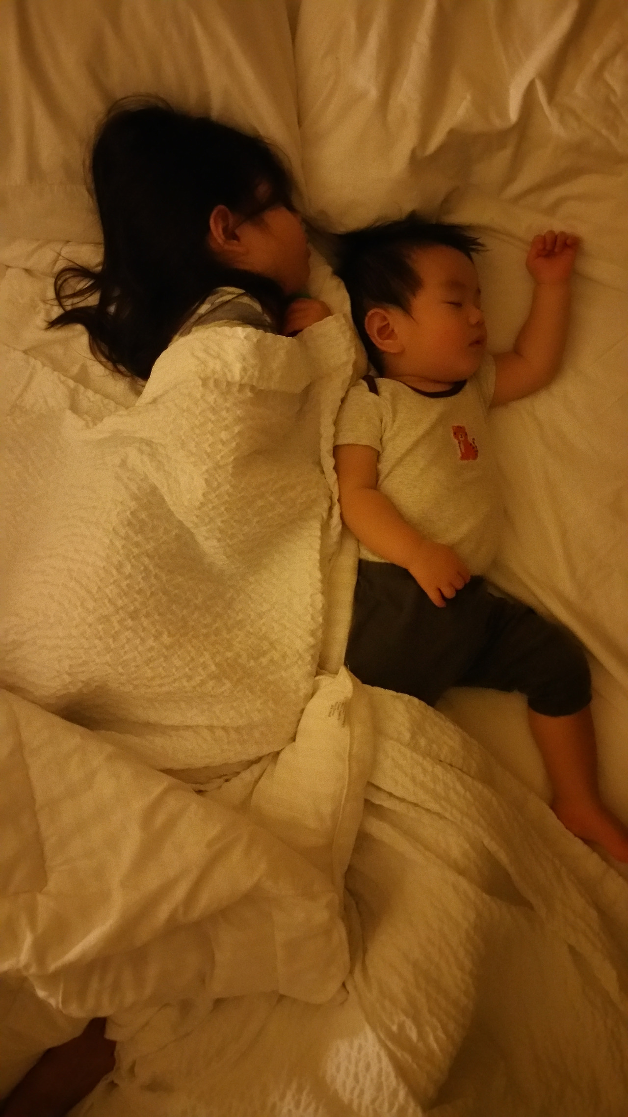 남편은 호텔방에서 밤 10시까지 노트북을 열고 일을 했다. 시아버지는 맥주를 사서 남편을 기다리다가 맥주의 유혹에 넘어가 혼자 맥주 두 병을 끝냈다. 일을 마친 남편이 딸아이와 옆방으로 넘어가고 나는 침대 위에 가로로 누워서 졸린 둘째를 토닥여주었다.
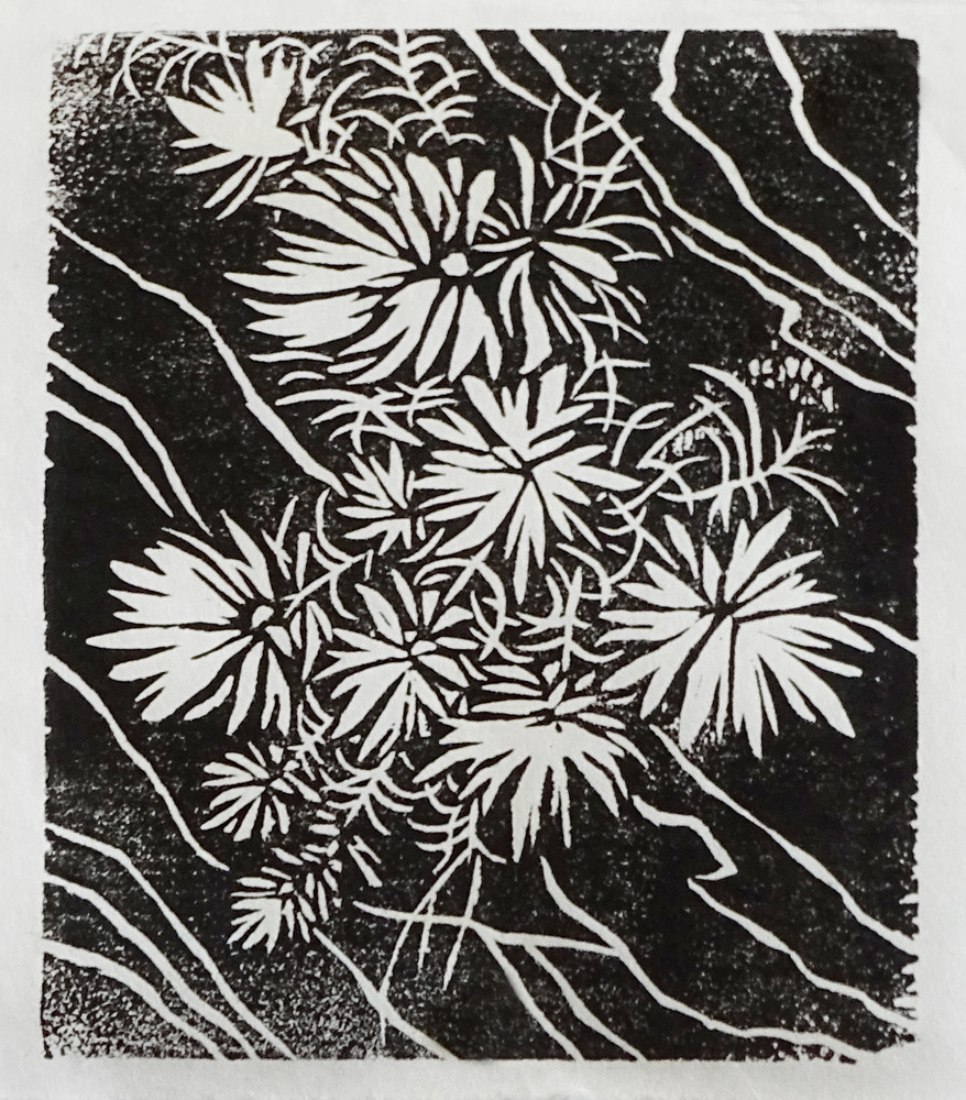 Hannah Sandvold, Woodcut with black ink on paper, April 2021
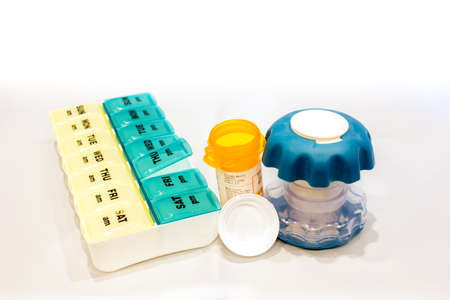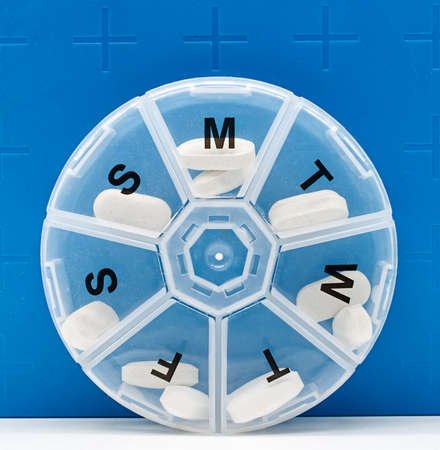 Close up of daily pill box. Drug Organizer

== Your assignment ==
Word for word, repeat all the data, but not its images.

== Answer to the exercise ==
 남편은 호텔방에서 밤 10시까지 노트북을 열고 일을 했다. 시아버지는 맥주를 사서 남편을 기다리다가 맥주의 유혹에 넘어가 혼자 맥주 두 병을 끝냈다. 일을 마친 남편이 딸아이와 옆방으로 넘어가고 나는 침대 위에 가로로 누워서 졸린 둘째를 토닥여주었다.
 Hannah Sandvold, Woodcut with black ink on paper, April 2021
 Close up of daily pill box. Drug Organizer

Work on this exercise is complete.